What is needed
In the records below, find the line with "Then, without warning, her" and repeat exactly every line from it through the line with "KN3714 【中古品】BH30L hp Blu-rayドライブ BD DVD 收藏". Pictures stay out.

Dataset records
==========

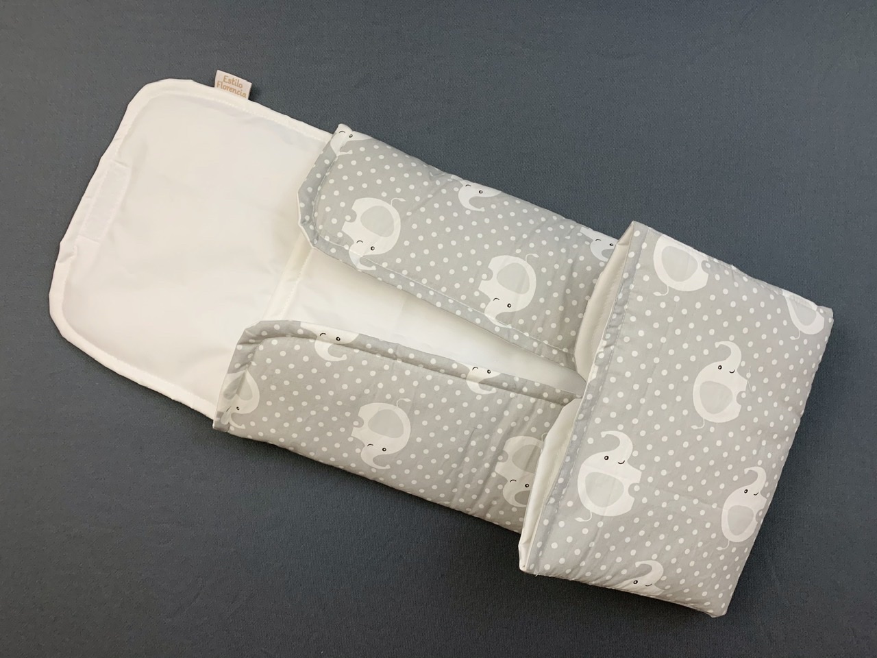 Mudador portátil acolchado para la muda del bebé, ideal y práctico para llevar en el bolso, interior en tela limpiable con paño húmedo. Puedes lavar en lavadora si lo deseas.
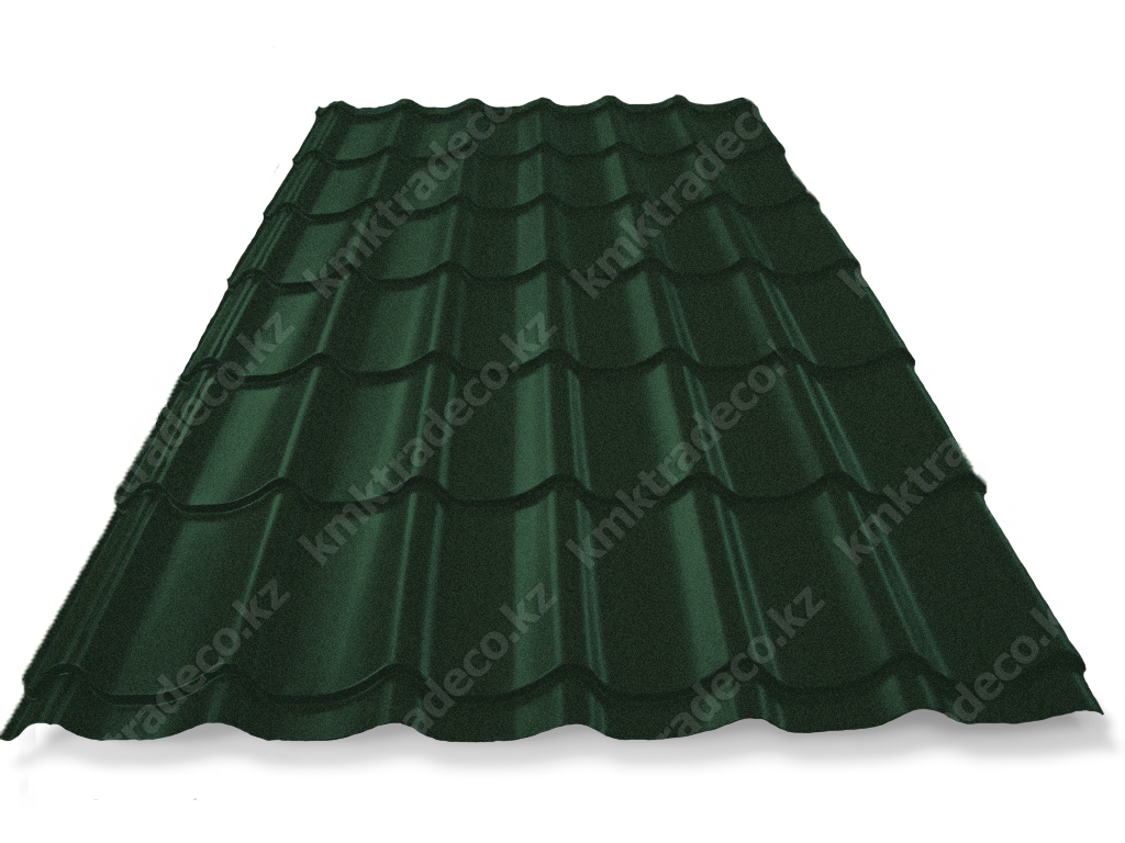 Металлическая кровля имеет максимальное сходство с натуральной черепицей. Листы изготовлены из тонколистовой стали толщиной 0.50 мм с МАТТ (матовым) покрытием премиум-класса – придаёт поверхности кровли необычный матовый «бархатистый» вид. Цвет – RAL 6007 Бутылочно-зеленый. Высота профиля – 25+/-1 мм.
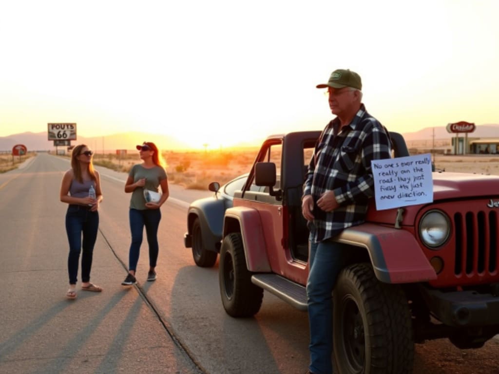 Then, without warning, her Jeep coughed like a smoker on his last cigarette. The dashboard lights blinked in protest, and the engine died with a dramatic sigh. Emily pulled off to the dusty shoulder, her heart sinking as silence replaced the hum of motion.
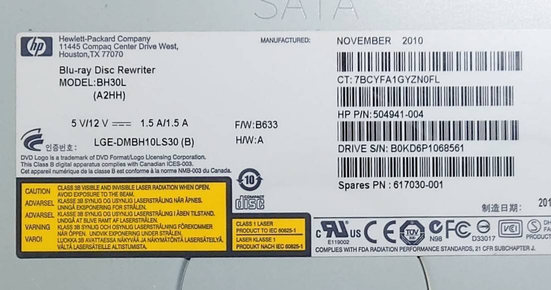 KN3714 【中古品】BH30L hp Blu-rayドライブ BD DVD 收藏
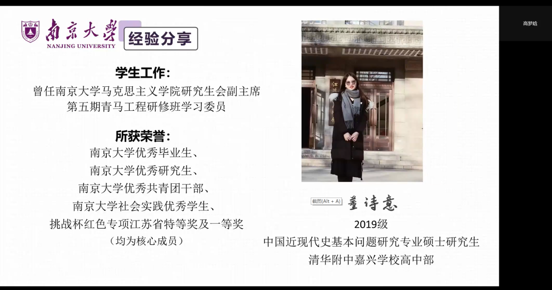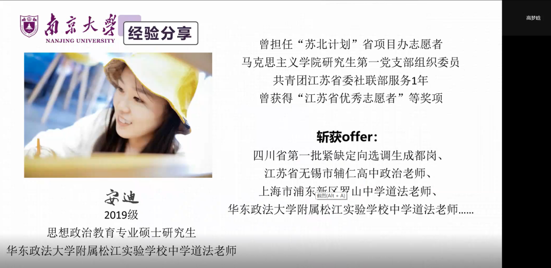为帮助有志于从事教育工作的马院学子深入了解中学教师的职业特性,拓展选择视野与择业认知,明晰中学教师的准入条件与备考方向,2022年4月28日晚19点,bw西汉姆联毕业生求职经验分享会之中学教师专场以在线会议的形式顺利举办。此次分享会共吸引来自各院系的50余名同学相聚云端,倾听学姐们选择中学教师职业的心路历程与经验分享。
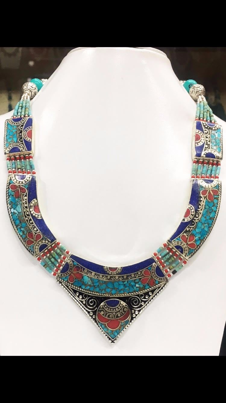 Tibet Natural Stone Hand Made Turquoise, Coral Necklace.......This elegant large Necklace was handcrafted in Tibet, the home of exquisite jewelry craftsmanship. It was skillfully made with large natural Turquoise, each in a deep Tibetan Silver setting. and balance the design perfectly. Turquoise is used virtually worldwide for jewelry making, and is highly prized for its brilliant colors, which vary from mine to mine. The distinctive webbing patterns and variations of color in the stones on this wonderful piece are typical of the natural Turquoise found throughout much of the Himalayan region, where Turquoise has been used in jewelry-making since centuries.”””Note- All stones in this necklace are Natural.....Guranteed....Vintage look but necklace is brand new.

==========

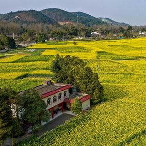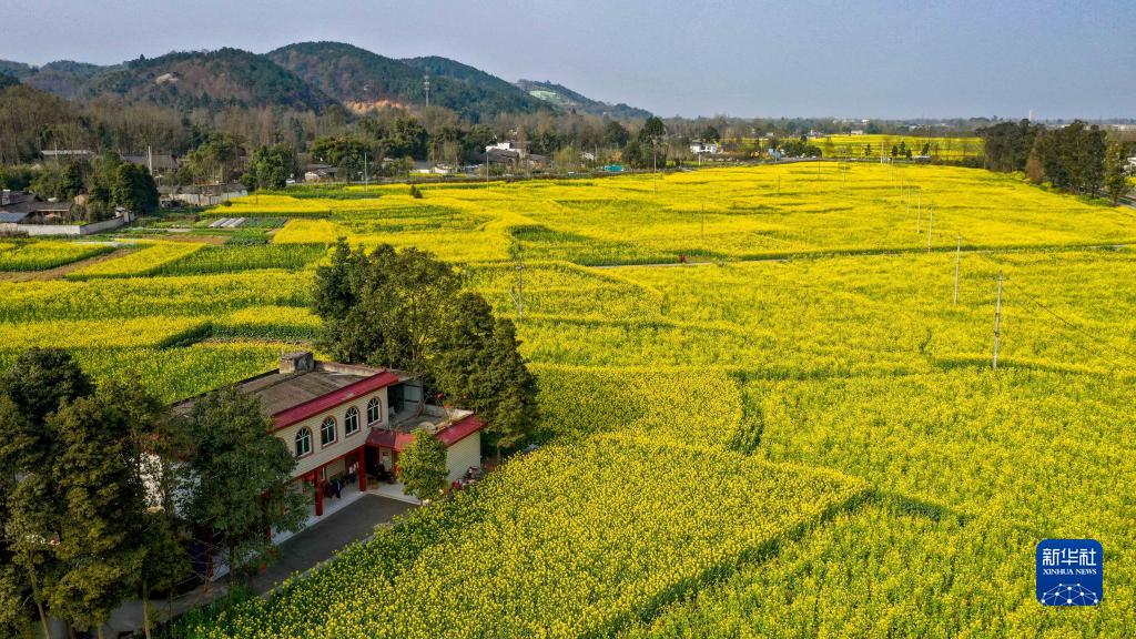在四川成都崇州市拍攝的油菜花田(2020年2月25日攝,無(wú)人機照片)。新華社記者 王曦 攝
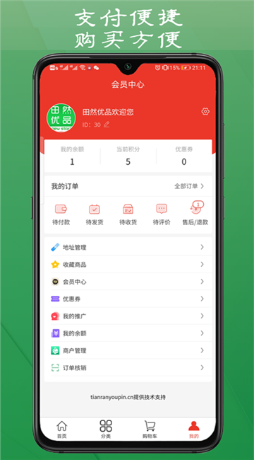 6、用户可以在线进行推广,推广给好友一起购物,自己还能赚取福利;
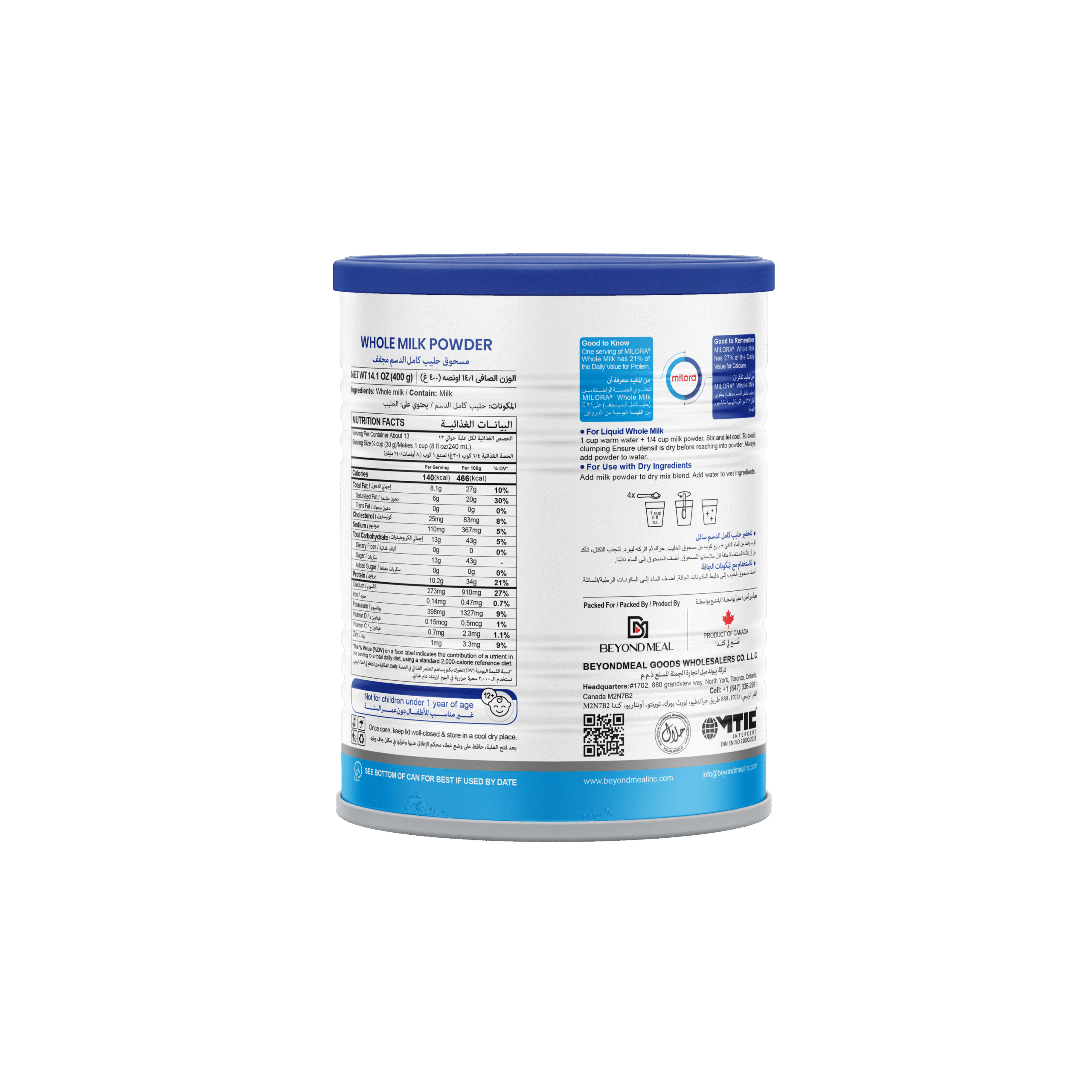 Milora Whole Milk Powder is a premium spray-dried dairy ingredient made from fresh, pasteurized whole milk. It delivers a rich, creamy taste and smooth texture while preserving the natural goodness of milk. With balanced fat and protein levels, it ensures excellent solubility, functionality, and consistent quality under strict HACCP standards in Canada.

==========

Answer to this exercise
 Then, without warning, her Jeep coughed like a smoker on his last cigarette. The dashboard lights blinked in protest, and the engine died with a dramatic sigh. Emily pulled off to the dusty shoulder, her heart sinking as silence replaced the hum of motion.
 KN3714 【中古品】BH30L hp Blu-rayドライブ BD DVD 收藏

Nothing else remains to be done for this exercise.